NVIDIA has been pushing their CUDA platform for years now as a method to access your GPU for purposes far beyond the scopes of flags and frags. We have seen what a good amount of heterogeneous hardware will do to a process with a hefty portion of parallelizable code from encryption to generating bitcoins; media processing to blurring the line between real-time and non-real-time 3d rendering. NVIDIA also recognizes the role that academia plays in training the future programmers and thus strongly supports when an institution teaches how to use GPU hardware effectively, especially when they teach how to use NVIDIA GPU hardware effectively. Recently, NVIDIA knighted Stanford as the latest of its CUDA Center of Excellence round table.

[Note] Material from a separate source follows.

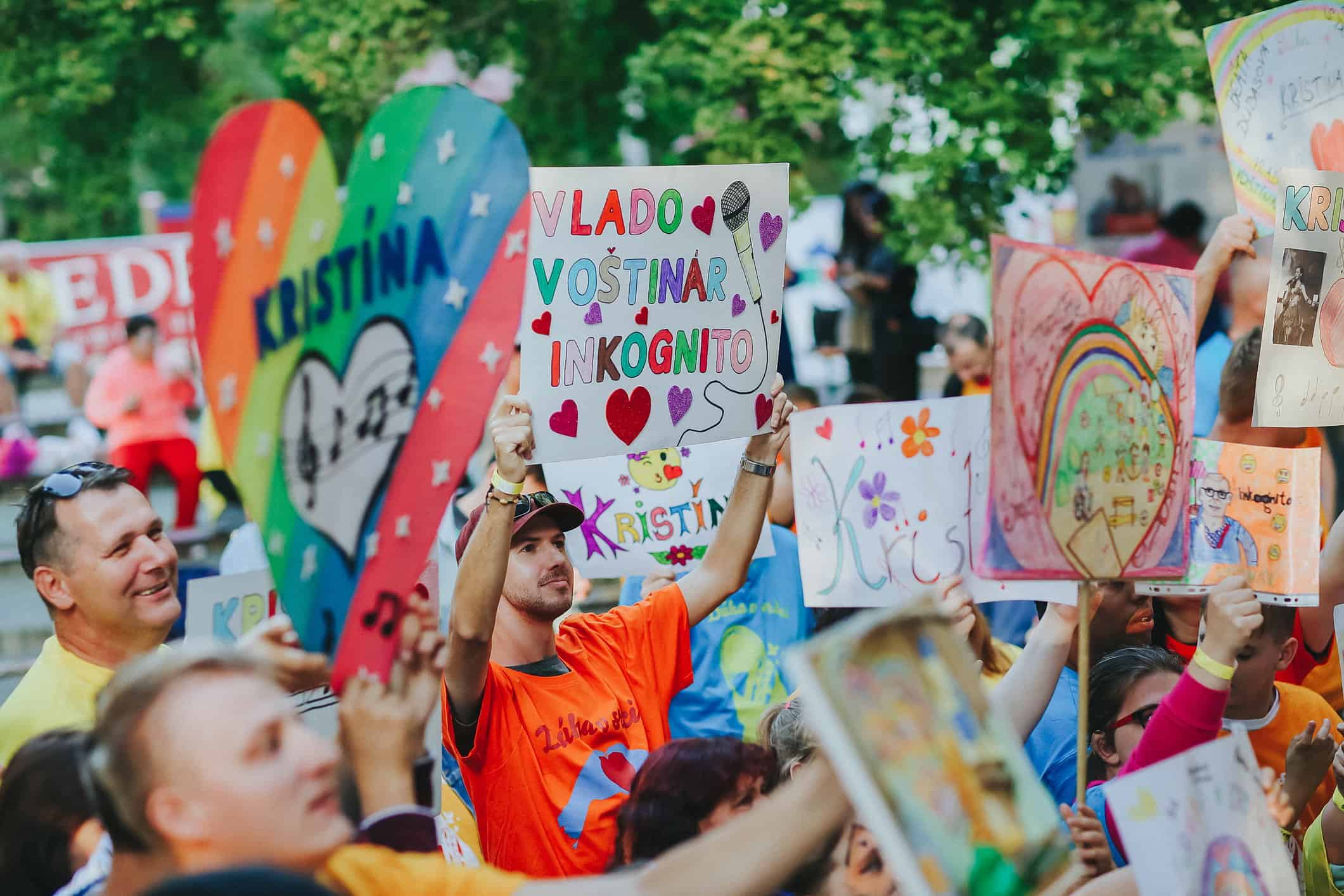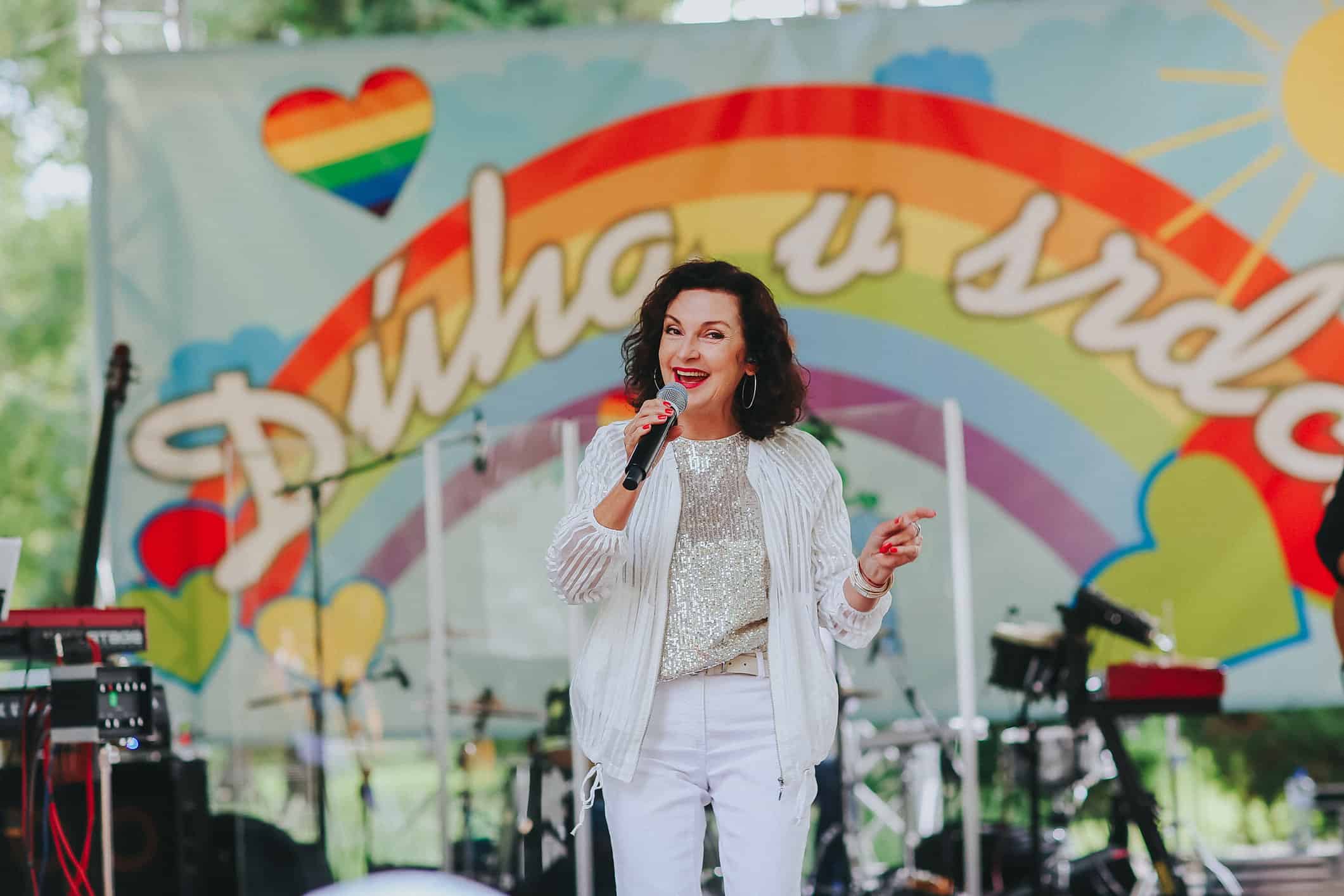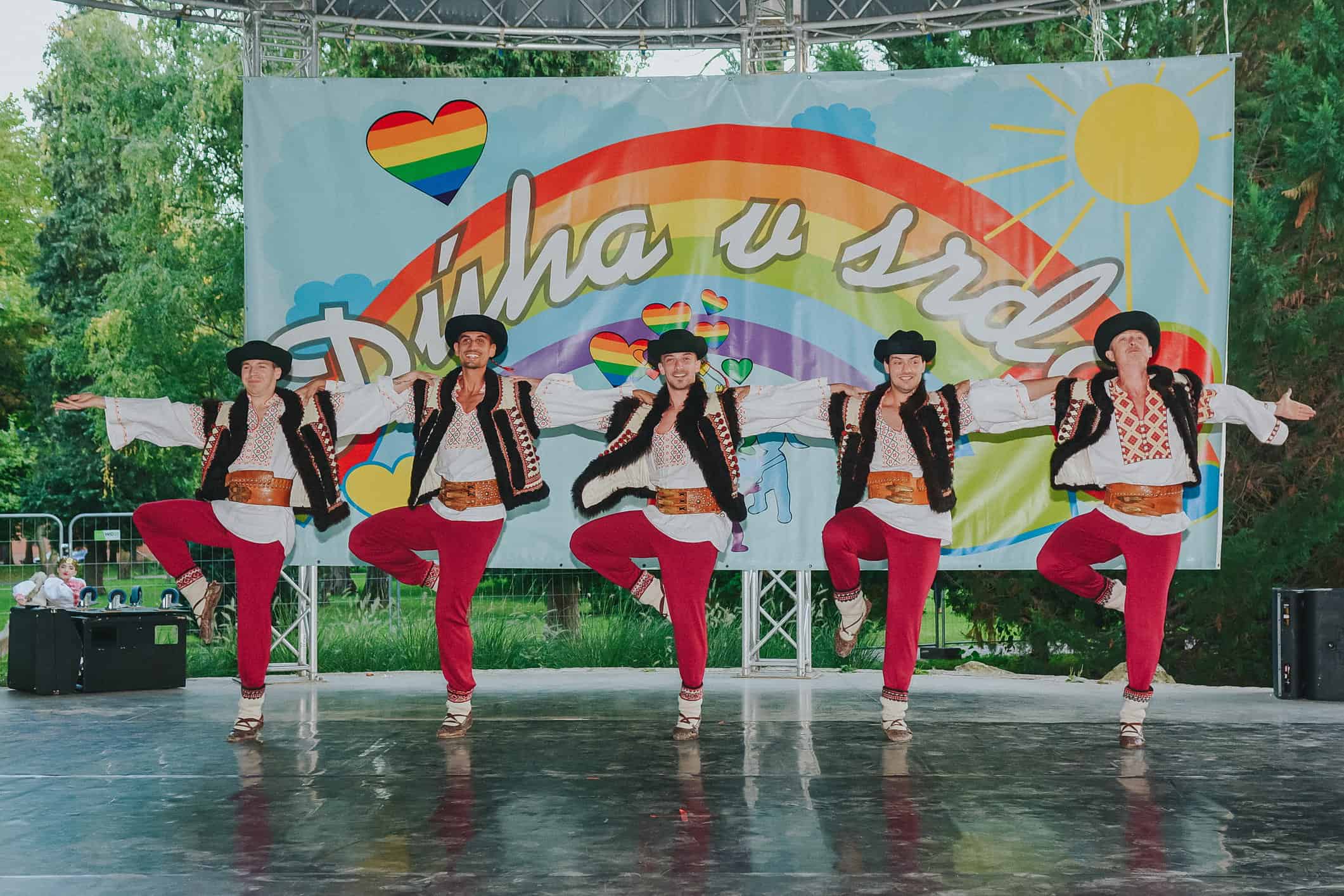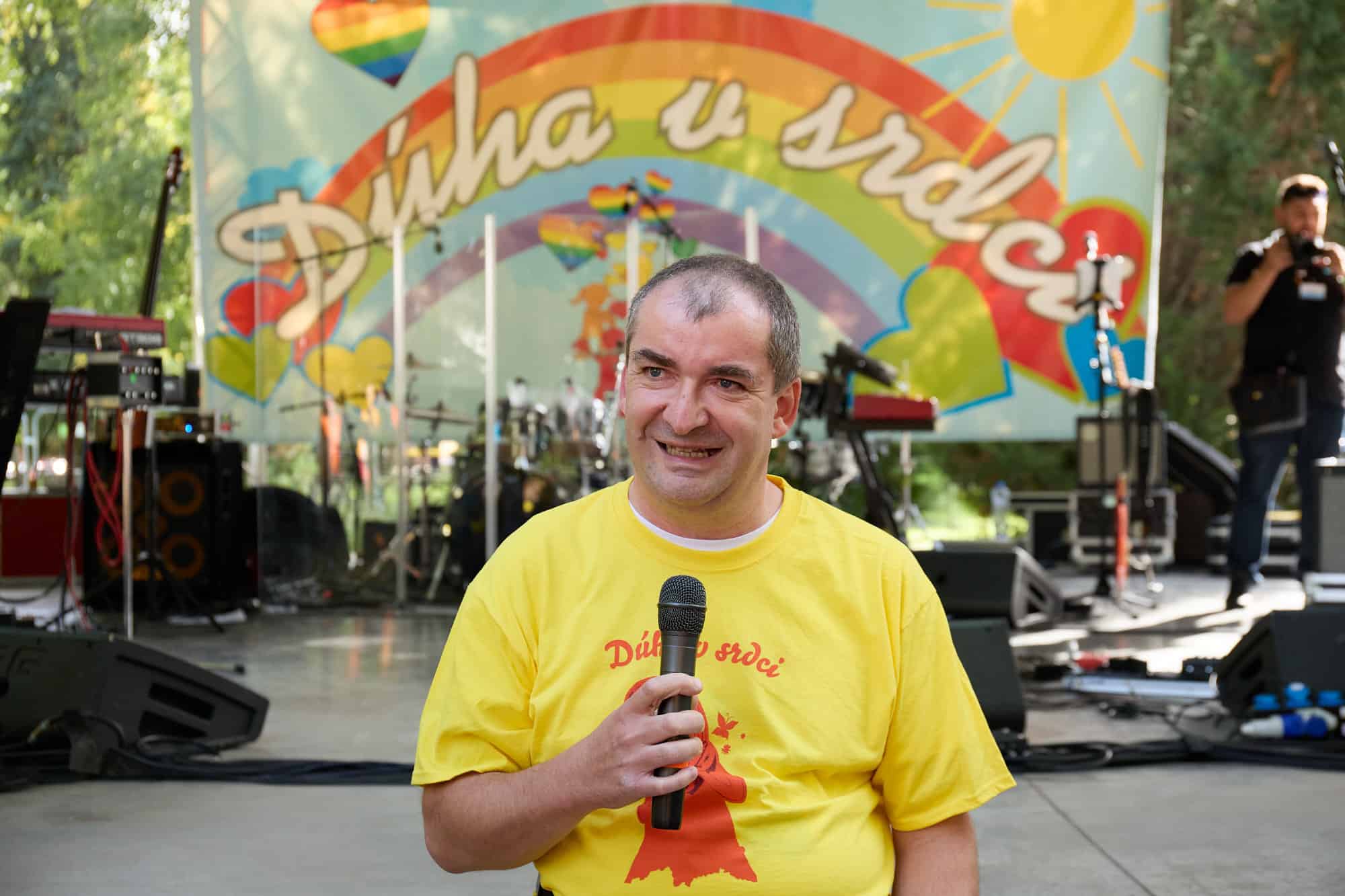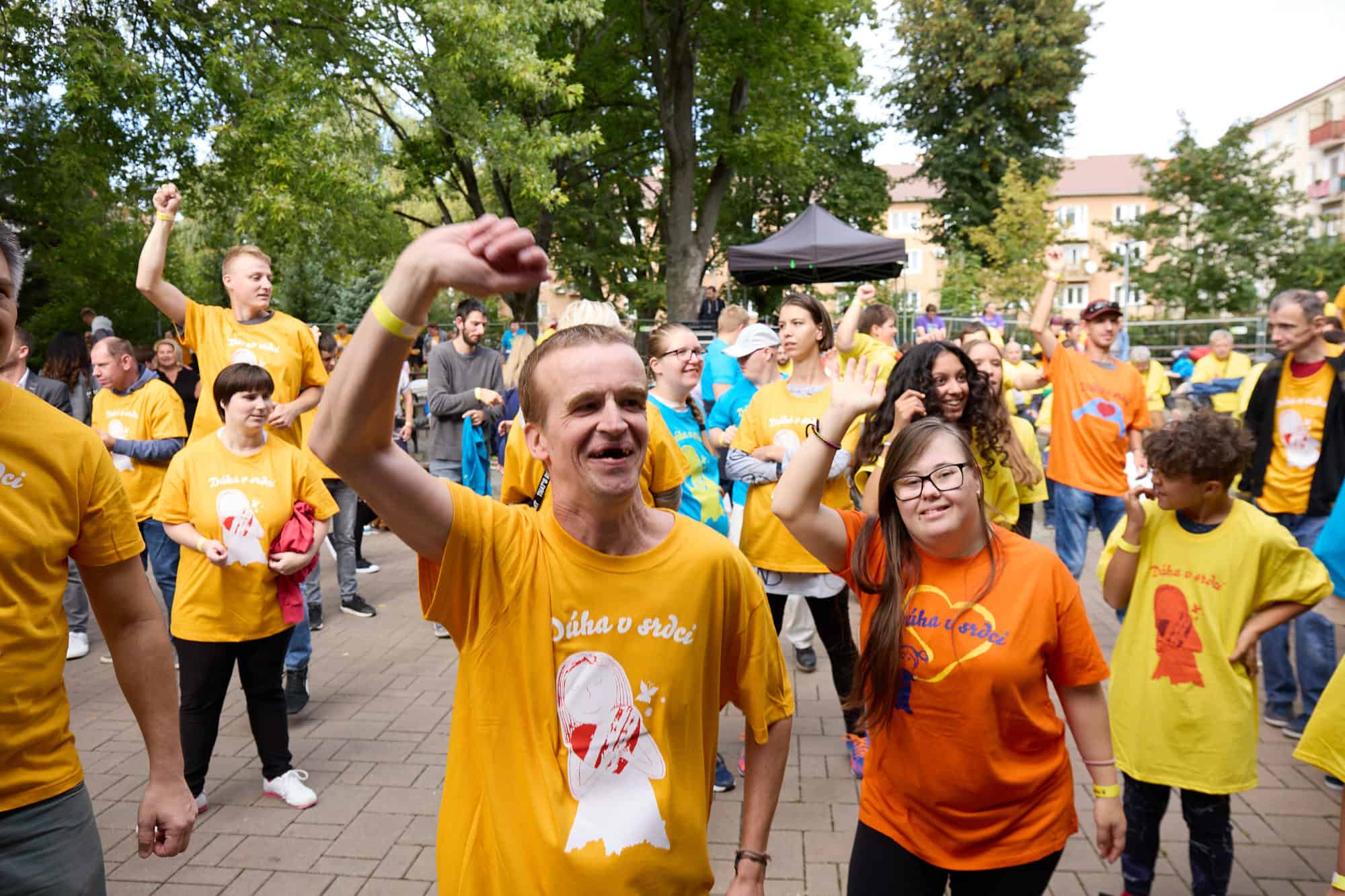 Obliecť farebné tričká. Z pódia sa už prihovára Vlado Voštinár. Poznáte ho z televízie. Dnes nám neprišiel dávať otázky o povolaniach. Ani ponúknuť nové bývanie. Dnes má v ruke moderátorský mikrofón Dúhy v srdci. Prichádza s ním i prvý účinkujúci. Zumba Zoly. Čo to bude? Hudba, tanec. Horúce latino rytmi. Už viackrát prijal pozvanie na podujatia Milana Štefánika. „Nové Mesto nad Váhom som už druhý krát, a úplne že super atmosféra. Je to už viacerý krát a každý krát je to fantastická atmosféra.“ Na pódiu som sa k Zolymu pridala aj ja. „Inak obdarených“ sme vtiahli do víru tanca nielen s latino piesňami. Na rad prišli i slovenská, česká a maďarská. Temperament sa Zolymu nedá uprieť. Ladné pohyby. Kroky vpred. Kroky vzad. Pridáme ruky nad hlavu. Zatlieskame. Otočka a výskok. Energia sa rozprúdila a pod pódiom už neostalo ani miesto voľné. Veľa farebných tancujúcich tričiek. Páčilo sa vám to? „Dobre sme sa tu mali. Zabávali sa. Užívali sme si atmosféru. A je to príjemné.“ Tak si pridáme ešte jednu. Spoločné foto.

It will be 150$ if you want it framed.

The list of CUDA Centres of Excellence now currently includes: Georgia Institute of Technology, Harvard School of Engineering, Institute of Process Engineering at Chinese Academy of Sciences, National Taiwan University, Stanford Engineering, TokyoTech, Tsinghua University, University of Cambridge, University of Illinois at Urbana-Champaign, University of Maryland, University of Tennessee, and the University of Utah. If you are interested in learning about programming for GPUs then NVIDIA has just graced blessing on one further choice. Whether that will affect many prospective students and faculty is yet to be seen, but it makes for many amusing puns nonetheless.